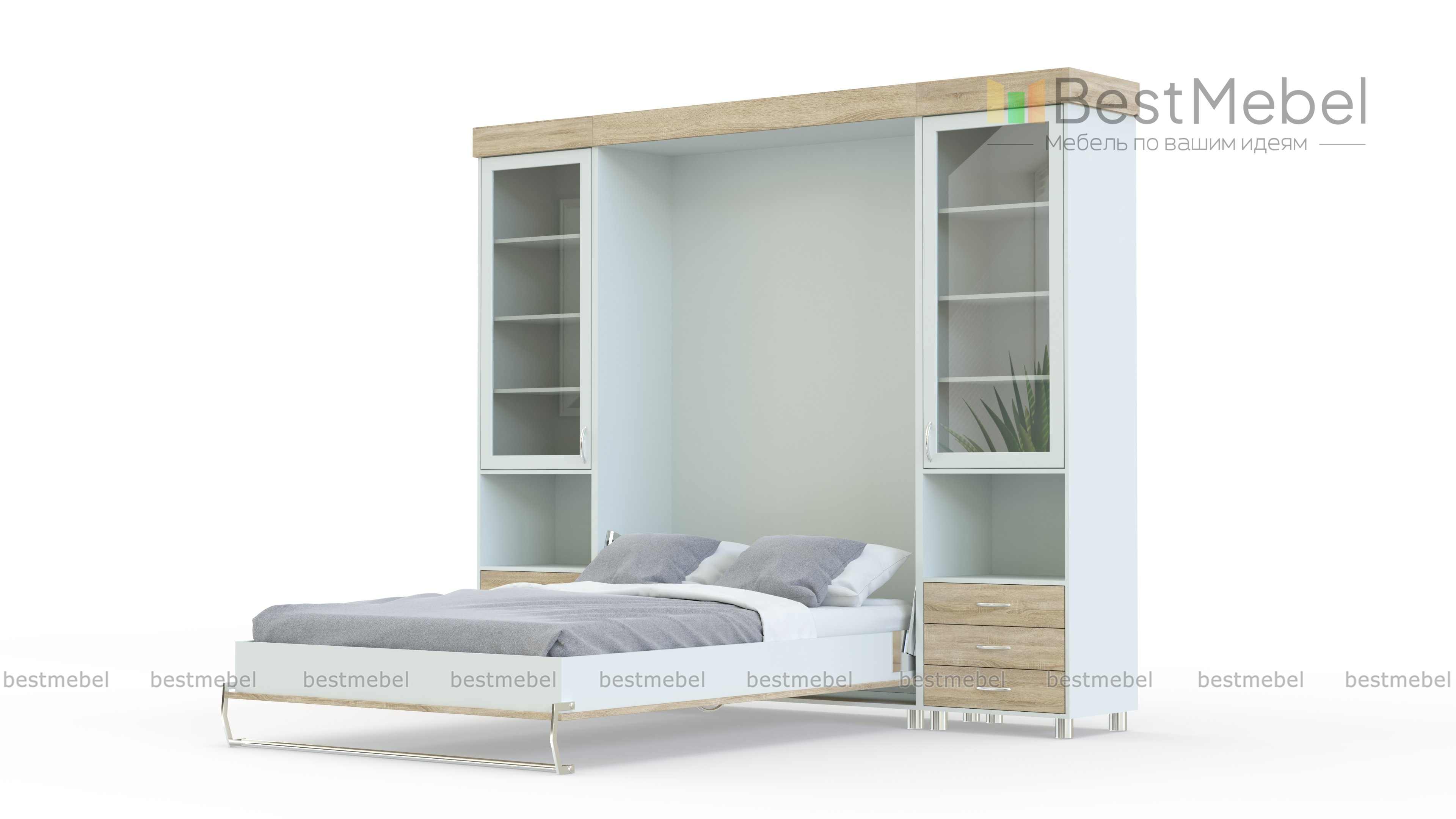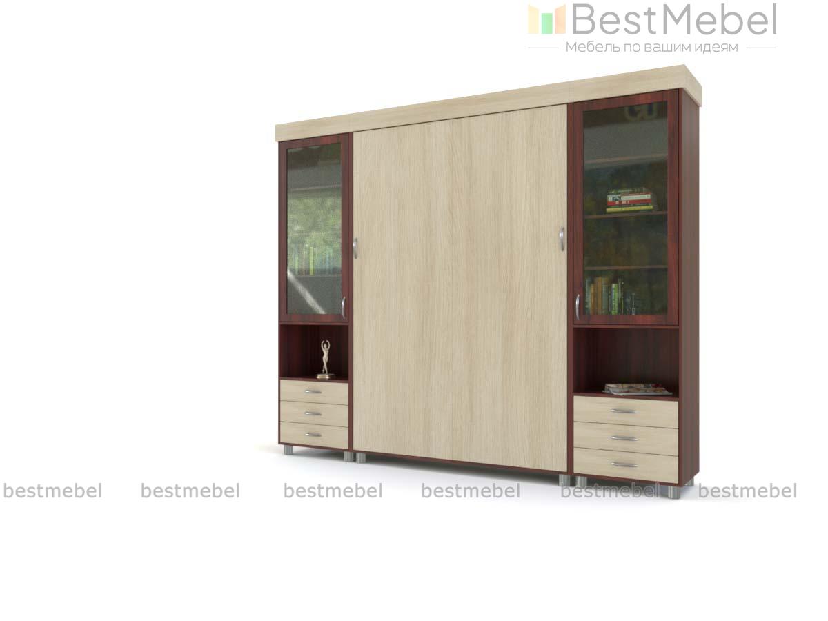 Шкаф-кровать трансформер Шелли 26 BMS отличается крупными габаритами, но не смотрится громоздко благодаря застекленным фасадам. Угловой комплект поможет эффективно использовать пространство, объединив удобную систему хранения и спальное место. Для размещения одежды, бытовых мелочей, книг и предметов декора предусмотрены трехдверный шкаф-купе, два комбинированных шкафа с ящиками и витринами и модуль с откидной встроенной кроватью. Купить шкаф-кровать трансформер Шелли 26 BMS с учетом нужных параметров приглашаем в наш интернет-магазин.
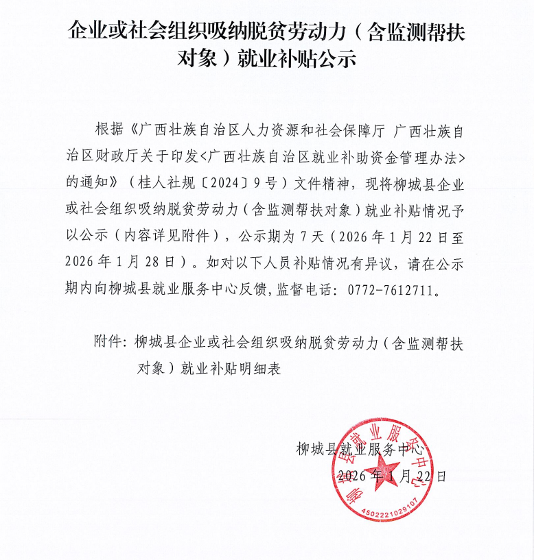 來源: 柳城縣人力資源和社會(huì)保障局 | 發(fā)布日期: 2026-01-22 16:40 | 作者:
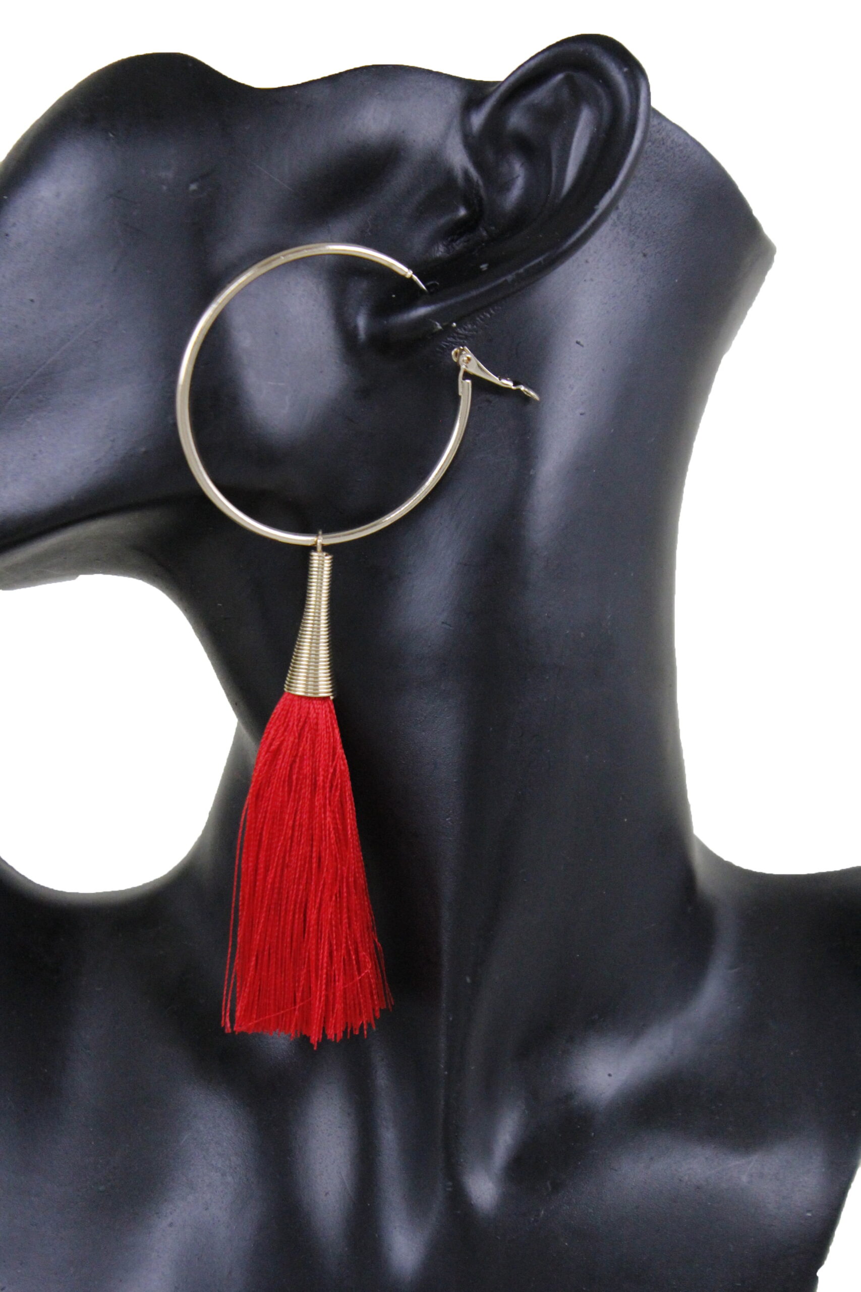 New Women Gold Metal Hoop Red Fabric Tassel Hook Earring Set
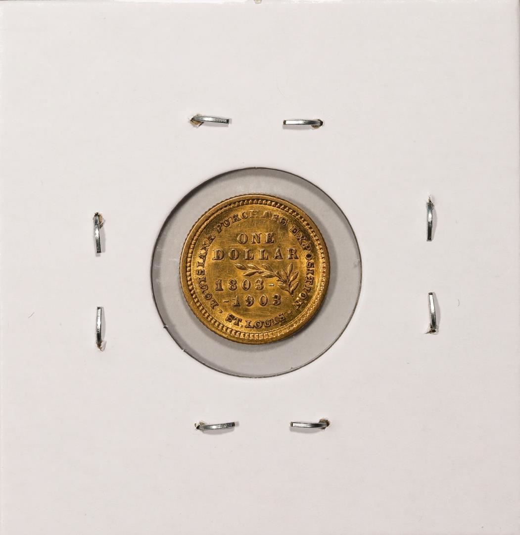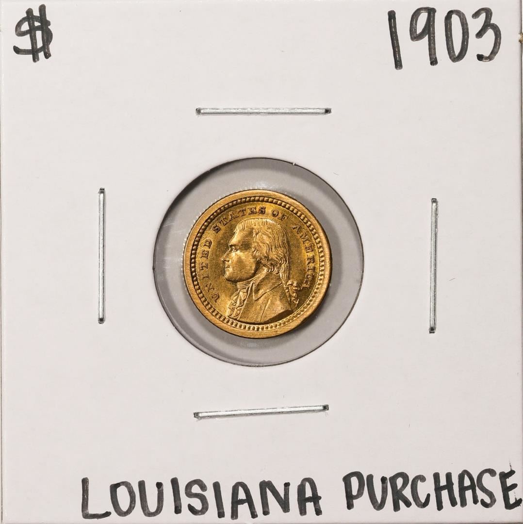 One 1903 $1 Jefferson Louisiana Purchase Commemorative Gold Dollar Coin.
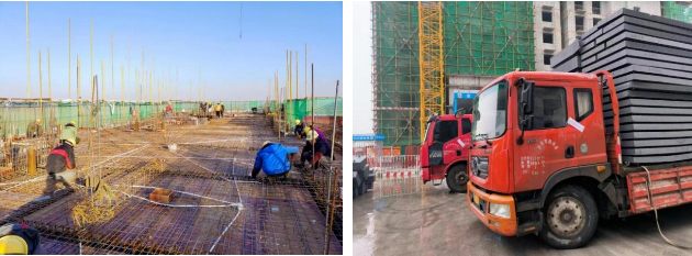 項目整體實行閉環(huán)管理,工人生活區(qū)位于項目內(nèi)部,從而保證項目封控期間各樓棟作業(yè)人員工種數(shù)量齊全,關(guān)鍵崗位不空缺,保障了項目生產(chǎn)“人力”。面對封控、材料供應(yīng)、運輸困難等問題,項目部提早謀劃,現(xiàn)場優(yōu)化布局,提前儲備關(guān)鍵物資,如鋼筋、預(yù)制構(gòu)件、保溫板等材料,同時物料進(jìn)出場進(jìn)行專班管理,提前報備、專人接送、封條張貼、專人盯守、過渡區(qū)消殺等管控流程配合嚴(yán)密,保障了項目生產(chǎn)“物力”。
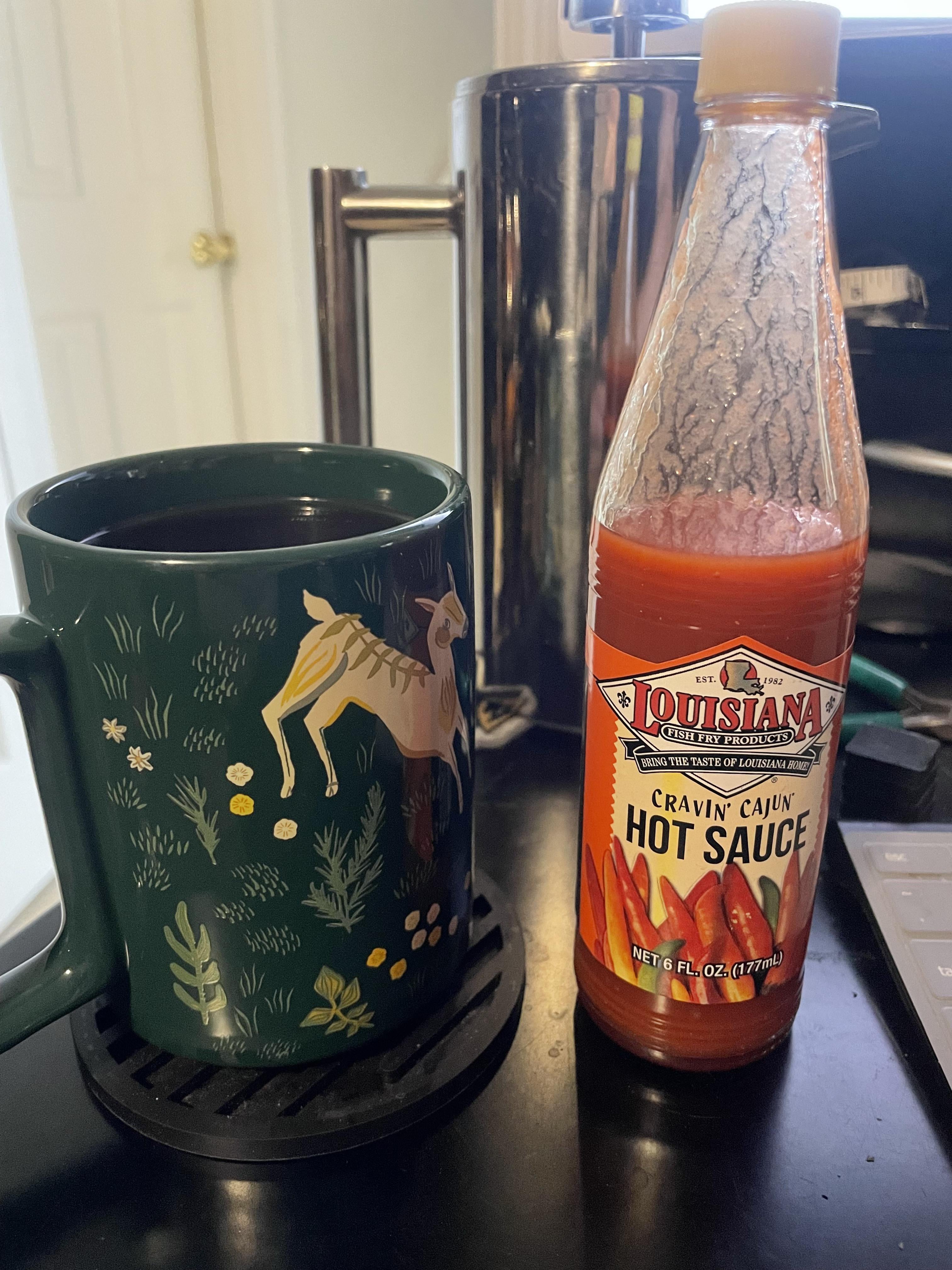I've been called insane for this before, but Louisiana style hot sauce is phenomenal in black coffee. This one is the best I've had so far. Pretty good on regular breakfast stuff too!by domestic-jones hot sauceSauceWrite A CommentYou must be logged in to post a comment.
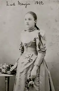 - ↑ Le curieux uniforme que l'on voit porté par Nicole Girard-Mangin sur les photos est dû au fait que l'armée française n'avait pas prévu d'uniforme d'officier pour les femmes ; en conséquence, elle a porté pendant toute la guerre un uniforme d'officier féminin britannique (source : « Nicole Mangin au cœur de la Grande Guerre » sur Verdun-Meuse.fr) ainsi qu'une casquette plate d'officier britannique.
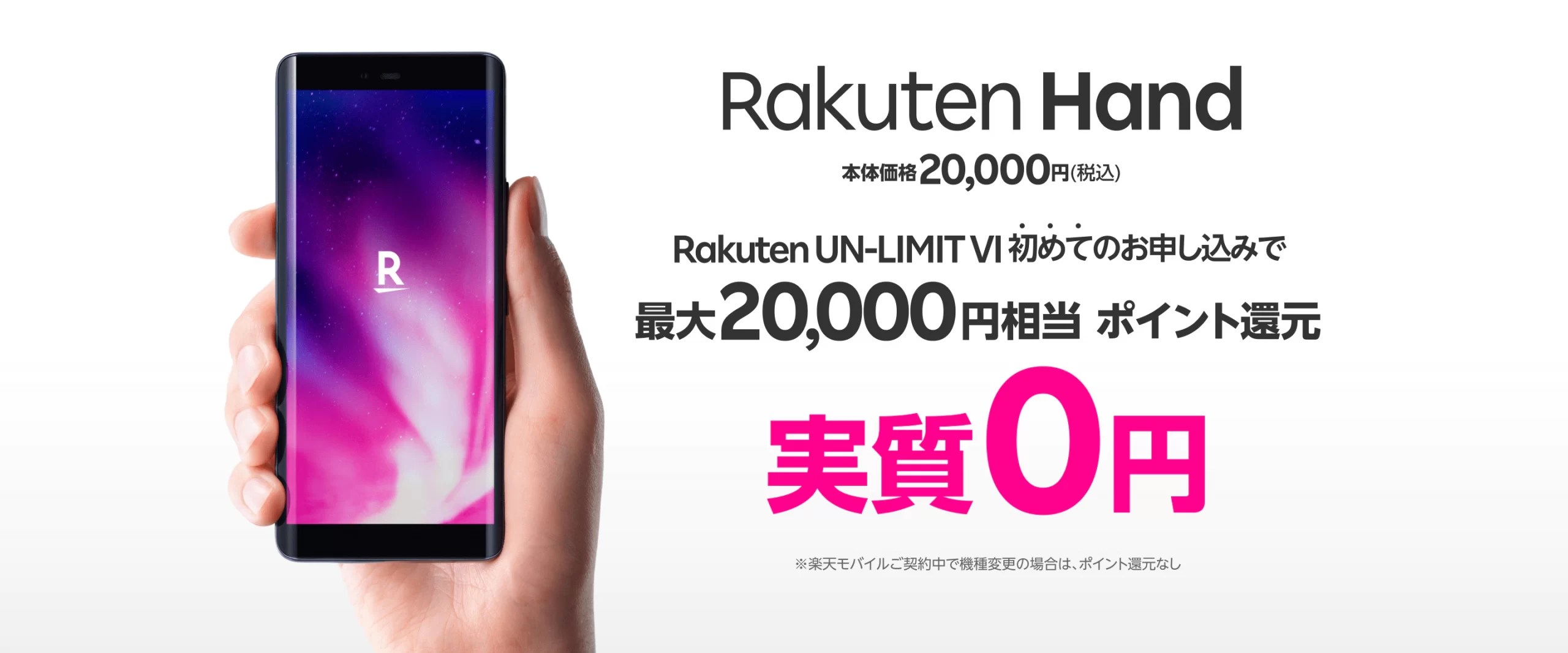 楽天モバイル Rakuten Hand購入で最大20,000ポイントプレゼント

=-=-=

■ **What you are asked to do**
Start at the line above containing "New Women Gold" and stop at the line containing "One 1903 $1": print those lines and everything between them exactly, but not the pictures.

■ **Answer area**
 New Women Gold Metal Hoop Red Fabric Tassel Hook Earring Set
 One 1903 $1 Jefferson Louisiana Purchase Commemorative Gold Dollar Coin.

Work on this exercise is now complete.